=== Task directions ===
In the data below, repeat the line containing "The Pizza Kitchen" and every following line exactly, up to and including the last line. Exclude pictures.

=== Input ===
-- Opening Marker --

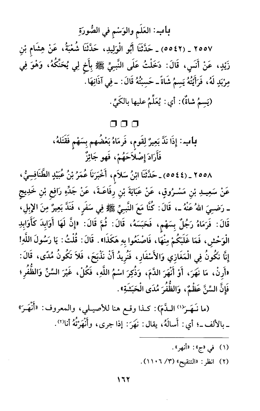 2558 - (5544) - حَدَّثَنَا ابْنُ سَلاَمٍ، أَخْبَرَنَا عُمَرُ بْنُ عُبَيْدٍ الطَّنَافِسِيُّ، عَنْ سَعِيدِ بْنِ مَسْرُوقٍ، عَنْ عَبَايَةَ بْنِ رِفَاعَةَ، عَنْ جَدِّهِ رَافِعِ بْنِ خَدِيجٍ - رَضِيَ اللَّهُ عَنْهُ -، قَالَ: كُنَّا مَعَ النَّبِيِّ - صلى الله عليه وسلم - فِي سَفَرٍ، فَنَدَّ بَعِيرٌ مِنَ الإِبِلِ، قَالَ: فَرَمَاهُ رَجُلٌ بِسَهْمٍ، فَحَبَسَهُ، قَالَ: ثُمَّ قَالَ: "إِنَّ لَها أَوَابِدَ كَأَوَابِدِ الْوَحْشِ، فَمَا غَلَبَكُمْ مِنْهَا، فَاصْنَعُوا بِهِ هكَذَا". قَالَ: قُلْتُ: يَا رَسُولَ اللَّهِ! إِنَّا نَكُونُ فِي الْمَغَازِي وَالأَسْفَارِ، فَنُرِيدُ أَنْ نَذْبَحَ، فَلاَ تَكُونُ مُدًى، قَالَ: "أَرِنْ، مَا نَهَرَ، أَوْ أَنْهَرَ الدَّمَ، وَذُكِرَ اسْمُ اللَّهِ، فَكُلْ، غَيْرَ السَّنِّ وَالظُّفُرِ؛ فَإِنَّ السِّنَّ عَظْمٌ، وَالظُّفُرَ مُدَى الْحَبَشَةِ".
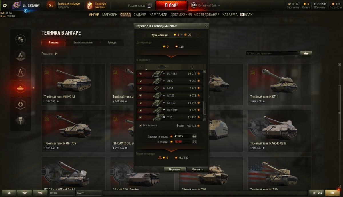Проблема , у меня была совко арта су14-1 на которой было что то около 30 к опыта для прокачки топ орудия. Однако топ пушку я качать не стал вместо этого чертежами открыл след машину в ветке су-14-2 а эту продал. Чтобы не пропадать опыту решил перевести его в свободный , открываем окно перевода , а там нет этой машины в списке . Это баг или фича , или я что то не понимаю ?
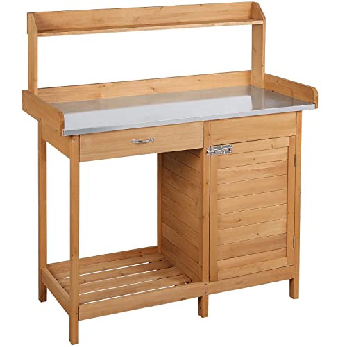 Yaheetech Växtbord med galvaniserad bänkskiva, väderbeständigt trädgårdsbord, blombord, träväxtbord med underskåp, förvaringsyta och låda för trädgården/terrassen/balkongen
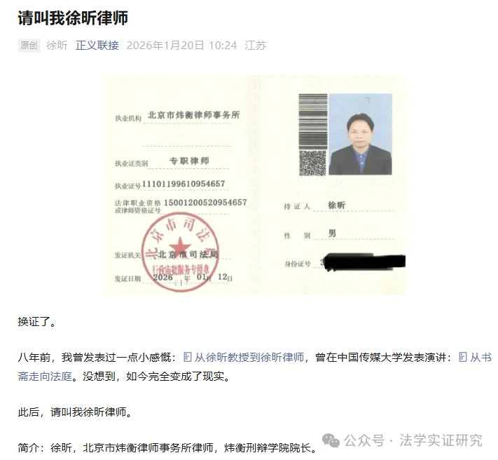 OCR:IMG:请叫我徐昕律师 原创徐昕正义联接2026年1月20日10:24江苏 执业机构北京市炜衡律师事务所 执业证类别 专职律师 执业证号11101199610954657 法律职业资格15001200520954657 持证人徐昕 成律师资格证号 市司 福 男 发证机关 兰北京市司法局 行政电批服务专用意 身份证号 发证日期 2026 12日 换证了。 八年前,我曾发表过一点小感慨:目从徐昕教授到徐昕律师,曾在中国传媒大学发表演讲:目从书 斋走向法庭。没想到,如今完全变成了现实。 此后,请叫我徐昕律师。 公众号·法学实证研究 简介:徐昕,北京市炜衡律师事务所律师,炜衡刑辩学院院长
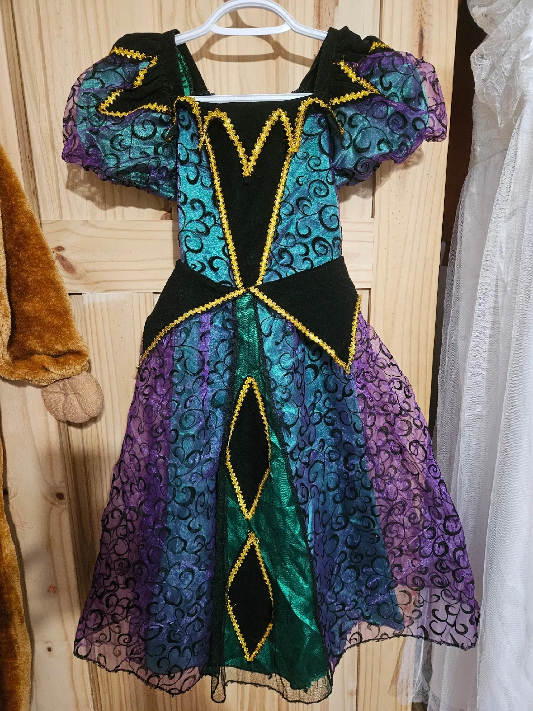 41A dress with a unique design, featuring a blend of green, purple, and black colours. It has short sleeves and gold trim details. Good for pretty witch, princess, or whatever you can imagine. Good condition, slight fray on bottom of fabric under tulle as shown in photo.
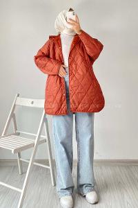 Modalamelif Önü Çıtçıt Düğmeli Mont Kiremit
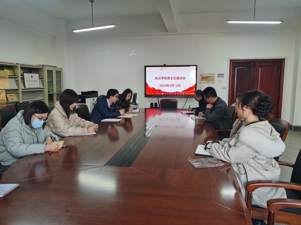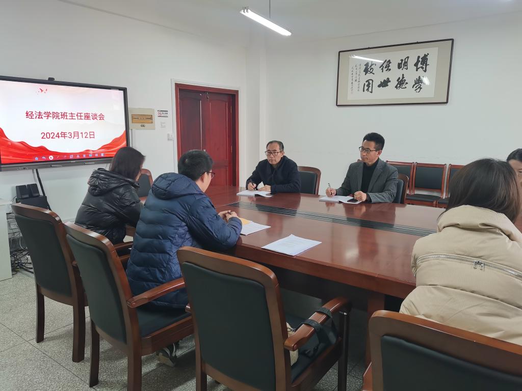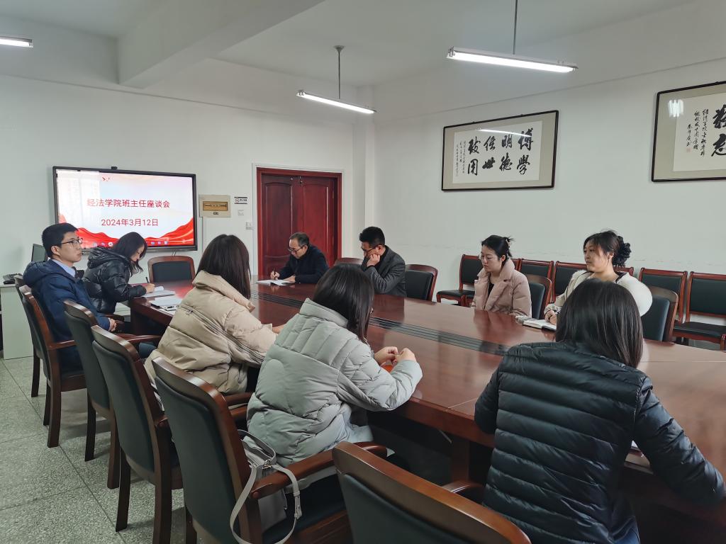 3月12日,经法学院于博识楼A315召开2023级班主任座谈会议,会议由学院党委副书记张国华主持,学院党委书记赵智博、学办主任齐艳萍以及李俊等7位2023级班主任参加了会议。
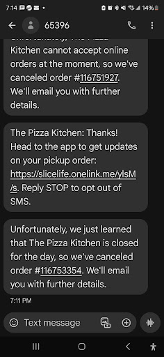 The Pizza Kitchen is a casual, family style restaurant with a limited menu of appetizers, pizza and a couple of pasta dishes. They have a full service bar with a handful of bottled or canned beer, but no beers on tap.
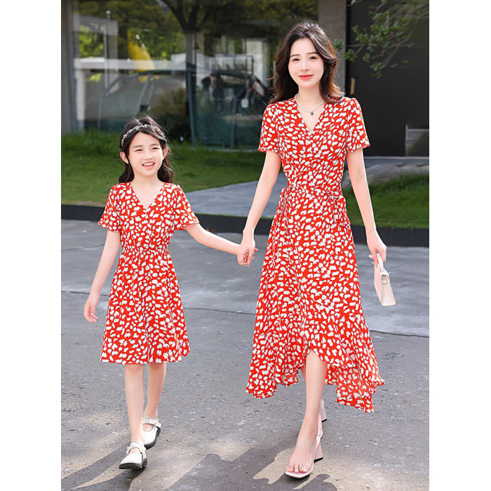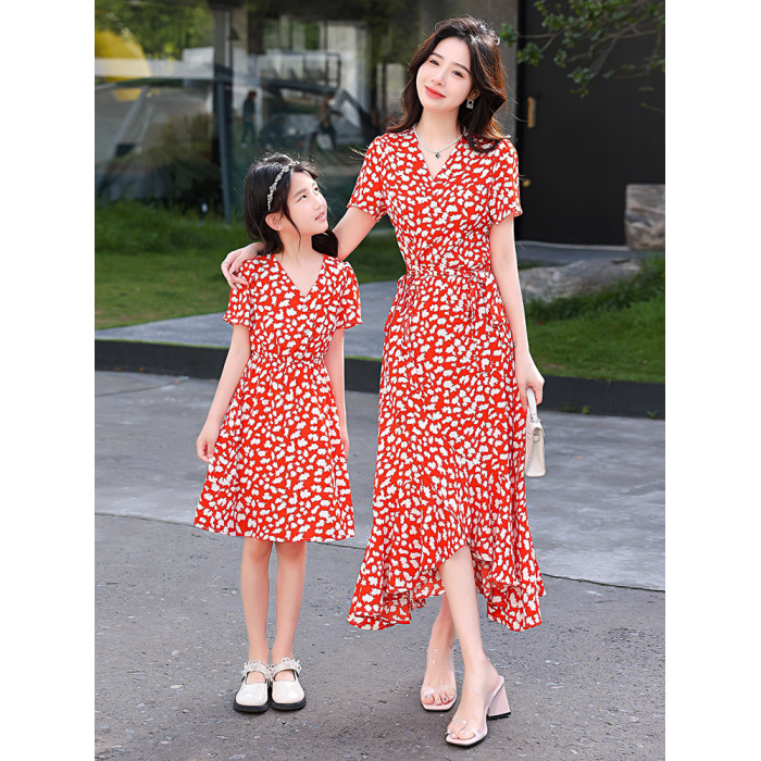 母女裝雪紡沙灘裙2025夏季新款親子裝韓版度假風夏裝碎花連衣裙潮
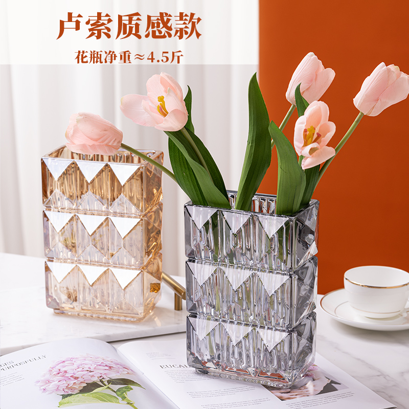 家居饰品^花瓶^^^山西 运城^高级感玻璃花瓶摆件客厅插花玫瑰百合鲜花大号透明装饰简约轻奢
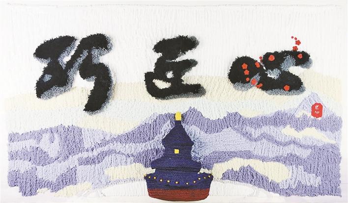 值得一提的是,巧匠心館展出作品偏重于表現(xiàn)“線”的視覺美感。大型纖維作品《巧匠心》吸引了許多觀展市民的眼光,該作品融合了鉤針、編織、植絨等多種技法,作品配色清新淡雅,色彩過渡自然,作品上呈現(xiàn)出來的天壇形象由3D打印而出,十分具有立體感。

-- Closing Marker --

=== Result for this exercise ===
 The Pizza Kitchen is a casual, family style restaurant with a limited menu of appetizers, pizza and a couple of pasta dishes. They have a full service bar with a handful of bottled or canned beer, but no beers on tap.
 母女裝雪紡沙灘裙2025夏季新款親子裝韓版度假風夏裝碎花連衣裙潮
 家居饰品^花瓶^^^山西 运城^高级感玻璃花瓶摆件客厅插花玫瑰百合鲜花大号透明装饰简约轻奢
 值得一提的是,巧匠心館展出作品偏重于表現(xiàn)“線”的視覺美感。大型纖維作品《巧匠心》吸引了許多觀展市民的眼光,該作品融合了鉤針、編織、植絨等多種技法,作品配色清新淡雅,色彩過渡自然,作品上呈現(xiàn)出來的天壇形象由3D打印而出,十分具有立體感。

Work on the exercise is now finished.